Added about 7 weeks after delivery:
  I did do really well in the bow tournament. I actually placed 2nd and ended up shooting with my husband, which must to have made him nervous because he only shot 3 points higher than me. He would have been devastated to have his pregnant wife whoop his tail, so I took it easy on him---or so I say anyways.

  Being pregnant never hindered my hunting season. I ran up and down dirt roads with my 12-gauge in hand, and hunted blood trails for endless hours. The spike I killed took about 8 hours to find (even with the help of the beagle babies--I shot his leg off, which I completely blame on the scope being off). I walked across bedded clearcuts and through knee-deep Cypress ponds. Everyone told me to take it easy because I was pregnant, but I decided against it. I knew I'd never be the type to pile up on the couch and eat an entire bucket of icecream. Instead I decided to be proactive and keep going, which is what I think made it easier during labor.

  Hunting season hasn't actually been so bad.
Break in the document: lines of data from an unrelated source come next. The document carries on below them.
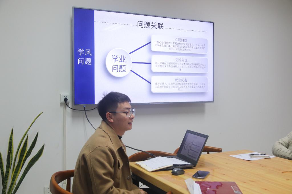 第九期辅导员沙龙活动的主题是“新时代高校学风建设”,由国际商学院2020级辅导员陈力行主讲。他首先从大学生学风建设的现状出发,提出大学生主要存在学习内动力不足、自控力差等问题。他从社会、学校、学生三个层面分析产生学风问题的原因,提出应该从内外驱动力的角度解决学风问题,内驱动力方面主要涉及到增强专业认同感、提高知识渴求度、加强人生发展规划、实现自我价值等;外驱动力主要涉及到营造学习氛围、发挥榜样带动效应、增加各方面奖励政策等。他也提出新闻传播学院的“卓越班”和“读书报告会”、国际商学院的“创新创业培育项目”等优秀学风建设项目可供参考。商务英语学院2019级辅导员潘庆提到,学风问题应该分析深层次的原因,并针对不同专业的特殊性采取不同的措施,比如语言类的专业应该加强早读督促制度。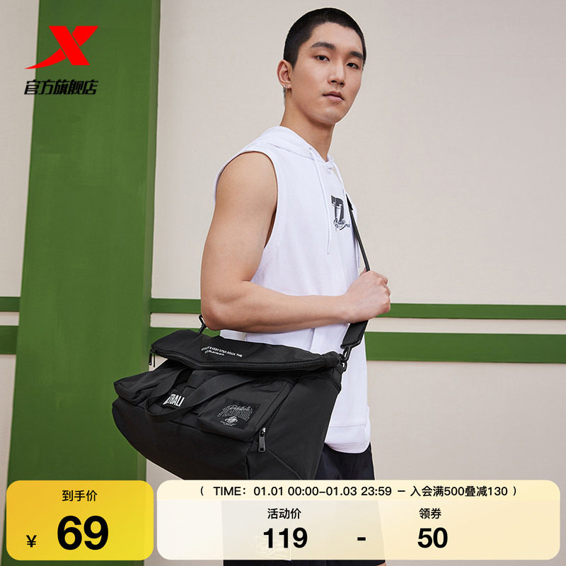特步情侣斜挎包2025年秋冬库娜大容量健身运动腰包女通勤单肩包男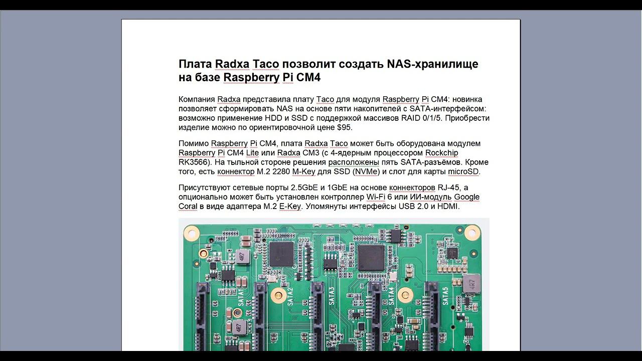 Плата Radxa Taco позволит создать NAS-хранилище на базе Raspberry Pi CM4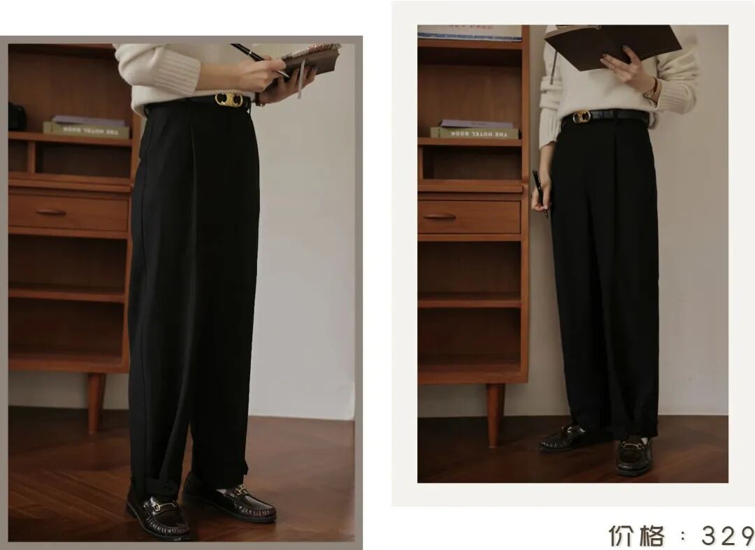 想要正式一点的话,下面可以搭配一条直筒九分裤,利落不拖沓,非常修饰腿型,对胯宽的修饰效果也很棒,胖女孩也可以轻松驾驭。
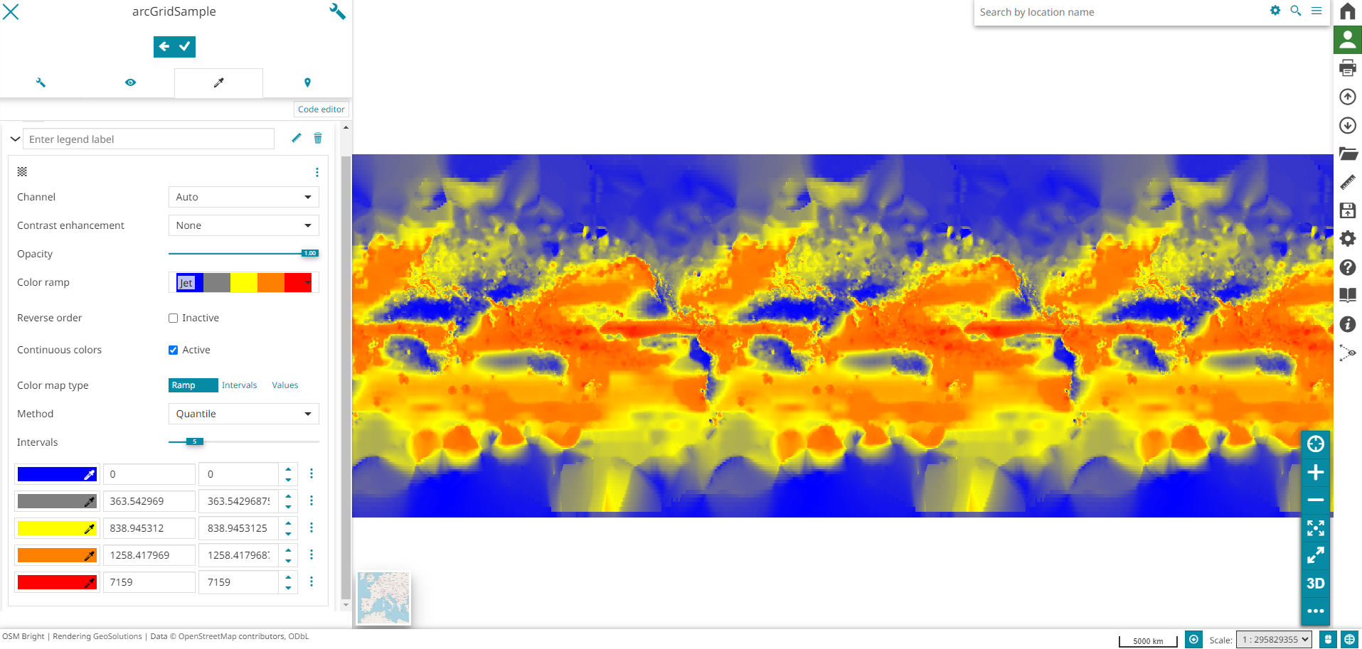 With the Pseudo color the user has the possibility to customize the Single band with a Color ramp. In this case, in addition to choosing Channels, Contrast enhancement and Opacity, the user can select Color ramp, enable Reverse order and the Continuous Colors, choose the Color map type (Ramp, Intervals and Values), the Method (Quantile, Natural breaks, Equal interval and Unique interval) and modify the Intervals. Take a look at the following example.

I was able to kill another spike this year with my bow (at about 36 weeks) and a spike with my trusty .243 (At nearly 40 weeks). Even though my belly poked out about 12 inches, I was still able to climb in my two seater ladder stand all the way up to delivery. I had Gracee on Thursday and was climbing that Tuesday-not that I saw anything.
  Never ever listen to anyone say a woman can't do what a man can, because I'm here to say that a man can't do what a woman does! Also, never listen to anyone who tells you that being pregnant causes your life to change. It does when the baby comes, but being pregnant doesn't. Pregnant women can do all that a non-pregnant woman can. All I had to be careful with was falling. For some reason my equilibrium was off-balanced and caused me to fall often. I fell out the door of my house a couple of times and off the steps quite a few times. Mostly I just stumbled, but a couple of times I fell all the way down. I never hurt myself though.

Since the baby has been born, I've went and ran dogs a couple of times for a short while. Punkin hasn't had much time to hunt either. And since the season is nearly over, we're pretty much done with hunting for this year. Not that we don't miss it, because we both do; it's just that we have more important things to worry about--Gracee! I'll give all the details of the birthing process and all that's went on since then in a different blog. I'll get that to work on that soon!